# Data extract:
______

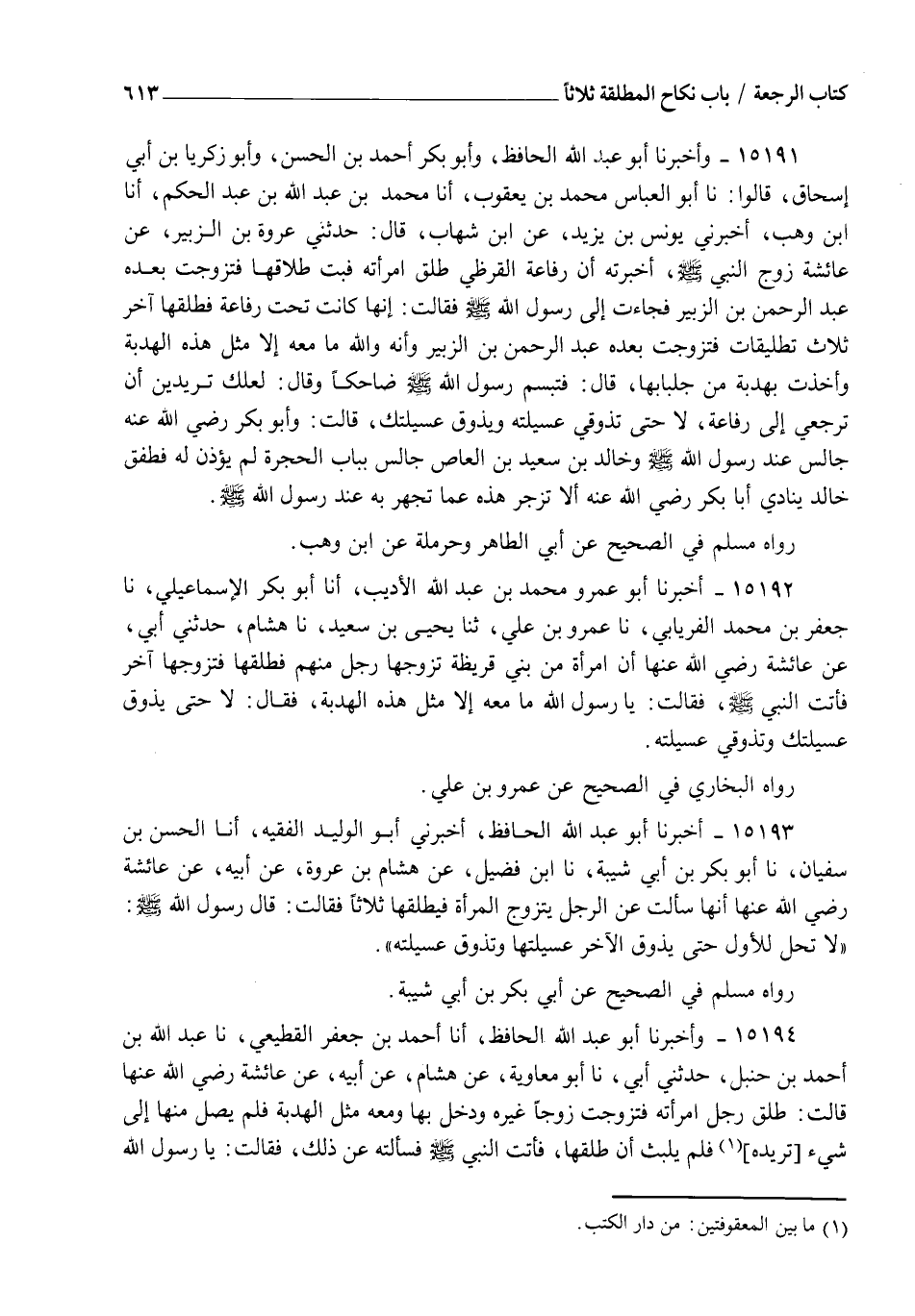 15193 - أَخْبَرَنَا أَبُو عَبْدِ اللهِ الْحَافِظُ، أَخْبَرَنِي أَبُو الْوَلِيدِ الْفَقِيهُ، أنا الْحَسَنُ بْنُ سُفْيَانَ، نا أَبُو بَكْرِ بْنُ أَبِي شَيْبَةَ، نا ابْنُ فُضَيْلٍ، عَنْ هِشَامِ بْنِ عُرْوَةَ، عَنْ أَبِيهِ، عَنْ عَائِشَةَ رَضِيَ اللهُ عَنْهَا أَنَّهَا سَأَلَتْ عَنِ الرَّجُلِ يَتَزَوَّجُ الْمَرْأَةَ فَيُطَلِّقُهَا ثَلَاثًا، فَقَالَتْ: قَالَ رَسُولُ اللهِ صَلَّى اللهُ عَلَيْهِ وَسَلَّمَ: §" لَا تَحِلُّ لِلْأَوَّلِ حَتَّى يَذُوقَ الْآخَرُ عُسَيْلَتَهَا وَتَذُوقَ عُسَيْلَتَهُ " رَوَاهُ مُسْلِمٌ فِي الصَّحِيحِ عَنْ أَبِي بَكْرِ بْنِ أَبِي شَيْبَةَ
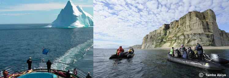 クルーズ | 11泊12日間の北極地域と海の調査クルーズにでかけます。 *以下の場所を訪れる予定ですが、天候によりいけない場合もございます。 ●1日目:クジュアック 極北エリアへの出発地点の町 ●2日目:アクパトック島 セイウチやホッキョクグマが頻繁に観察される場所です。 また世界でも最も大きなウミガラスのコロニーがあります。 ●3日目:カンキクスジュアック ●4日目:ディッジス島 ここでもウミガラスのコロニーをご覧いただけるチャンスがあります。 ●5日目:ケープドーセット 世界でもイヌイットアートで知られるケープドーセットではアーティストのスタジオを訪れ、彫刻や版画などの製作現場をご覧いただきます。 ●6日目:キンミルト ●7日目:モニュメンタル島&サベージ島 イヌイットの祖先であるパラエロエスキモーの遺跡が残されています。 また海洋生物の宝庫でもあり、セイウチ、アザラシ、そしてホッキョクグマに出会うチャンスがあります。 ●8日目:カンバーランド入り江の沖合い ●9日目:デービス海峡 ●10日目:イルリサット Ilulissatはグリーランド語で氷山という意味です。この氷のフィヨルドはユネスコの世界遺産にされており、氷河の動きが最も活動的な場所のひとつとして有名です。一日に約19メートルの氷河が動いています。 ●11日目:イテイレク 北極圏の町です。実際の北緯66度33分のラインはこの町から南に200mの場所になります。 ●12日目:カンゲルススアーク *アクティビティーについて 毎晩次の日のアクティビティーと出発時間が発表されます。 基本的には毎日ゾディアックに乗りアクティビティーに出かけます。ゾディアックは12名乗りですが通常7~8名が1つのグループとなり行動します。クルーズ船には全部で7~8台のゾディアックを乗せておりますが、アクティビティーの長さや移動の距離によっては交代で1台のゾディアックを使用する場合もありますのでアクティビティーの出発まではクルーズ船で ゆっくりお時間をお過ごしください。 海の上からシロクマやセイウチを観察する日もあれば、上陸しハイキングをして極北ならではの景観や野生動物、先住民文化に触れる機会が多く設けられています。ハイキングは1~3時間程度とその場所によりさまざまです。 お客様の体力、ご希望によってグループを分けて歩くことになります。 |
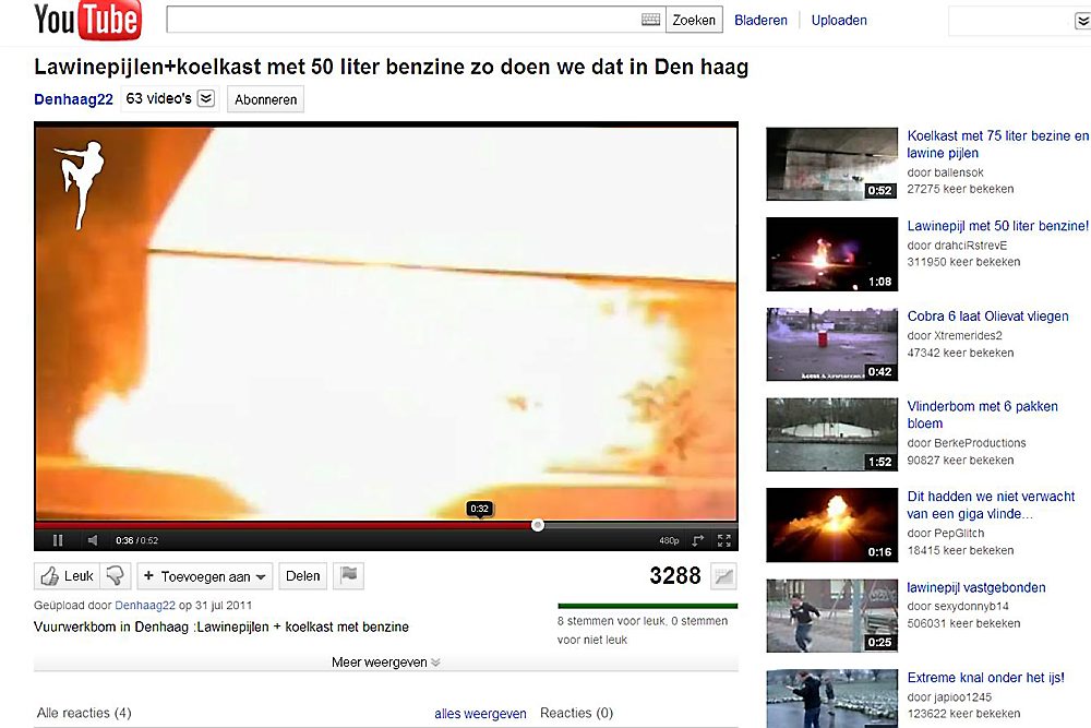 „Wat wij nu doen is die filmpjes opsporen. We monteren daar een gesproken boodschap in, met waarschuwende woorden en ook zeggen we dat het maken en afsteken van vuurwerkbommen strafbaar is. Verder sturen we de maker een email met het verzoek de film te verwijderen. Ook blijven we het filmpje volgen. Als het er na een week nog opstaat, proberen we de maker met zijn echte naam op het internet te vinden en die krijgt dan een brief thuis.”

______

# What to work on:
Copy out all the data without changing anything, and drop the pictures.

# Solution to this task:
 15193 - أَخْبَرَنَا أَبُو عَبْدِ اللهِ الْحَافِظُ، أَخْبَرَنِي أَبُو الْوَلِيدِ الْفَقِيهُ، أنا الْحَسَنُ بْنُ سُفْيَانَ، نا أَبُو بَكْرِ بْنُ أَبِي شَيْبَةَ، نا ابْنُ فُضَيْلٍ، عَنْ هِشَامِ بْنِ عُرْوَةَ، عَنْ أَبِيهِ، عَنْ عَائِشَةَ رَضِيَ اللهُ عَنْهَا أَنَّهَا سَأَلَتْ عَنِ الرَّجُلِ يَتَزَوَّجُ الْمَرْأَةَ فَيُطَلِّقُهَا ثَلَاثًا، فَقَالَتْ: قَالَ رَسُولُ اللهِ صَلَّى اللهُ عَلَيْهِ وَسَلَّمَ: §" لَا تَحِلُّ لِلْأَوَّلِ حَتَّى يَذُوقَ الْآخَرُ عُسَيْلَتَهَا وَتَذُوقَ عُسَيْلَتَهُ " رَوَاهُ مُسْلِمٌ فِي الصَّحِيحِ عَنْ أَبِي بَكْرِ بْنِ أَبِي شَيْبَةَ
 クルーズ | 11泊12日間の北極地域と海の調査クルーズにでかけます。 *以下の場所を訪れる予定ですが、天候によりいけない場合もございます。 ●1日目:クジュアック 極北エリアへの出発地点の町 ●2日目:アクパトック島 セイウチやホッキョクグマが頻繁に観察される場所です。 また世界でも最も大きなウミガラスのコロニーがあります。 ●3日目:カンキクスジュアック ●4日目:ディッジス島 ここでもウミガラスのコロニーをご覧いただけるチャンスがあります。 ●5日目:ケープドーセット 世界でもイヌイットアートで知られるケープドーセットではアーティストのスタジオを訪れ、彫刻や版画などの製作現場をご覧いただきます。 ●6日目:キンミルト ●7日目:モニュメンタル島&サベージ島 イヌイットの祖先であるパラエロエスキモーの遺跡が残されています。 また海洋生物の宝庫でもあり、セイウチ、アザラシ、そしてホッキョクグマに出会うチャンスがあります。 ●8日目:カンバーランド入り江の沖合い ●9日目:デービス海峡 ●10日目:イルリサット Ilulissatはグリーランド語で氷山という意味です。この氷のフィヨルドはユネスコの世界遺産にされており、氷河の動きが最も活動的な場所のひとつとして有名です。一日に約19メートルの氷河が動いています。 ●11日目:イテイレク 北極圏の町です。実際の北緯66度33分のラインはこの町から南に200mの場所になります。 ●12日目:カンゲルススアーク *アクティビティーについて 毎晩次の日のアクティビティーと出発時間が発表されます。 基本的には毎日ゾディアックに乗りアクティビティーに出かけます。ゾディアックは12名乗りですが通常7~8名が1つのグループとなり行動します。クルーズ船には全部で7~8台のゾディアックを乗せておりますが、アクティビティーの長さや移動の距離によっては交代で1台のゾディアックを使用する場合もありますのでアクティビティーの出発まではクルーズ船で ゆっくりお時間をお過ごしください。 海の上からシロクマやセイウチを観察する日もあれば、上陸しハイキングをして極北ならではの景観や野生動物、先住民文化に触れる機会が多く設けられています。ハイキングは1~3時間程度とその場所によりさまざまです。 お客様の体力、ご希望によってグループを分けて歩くことになります。 |
 „Wat wij nu doen is die filmpjes opsporen. We monteren daar een gesproken boodschap in, met waarschuwende woorden en ook zeggen we dat het maken en afsteken van vuurwerkbommen strafbaar is. Verder sturen we de maker een email met het verzoek de film te verwijderen. Ook blijven we het filmpje volgen. Als het er na een week nog opstaat, proberen we de maker met zijn echte naam op het internet te vinden en die krijgt dan een brief thuis.”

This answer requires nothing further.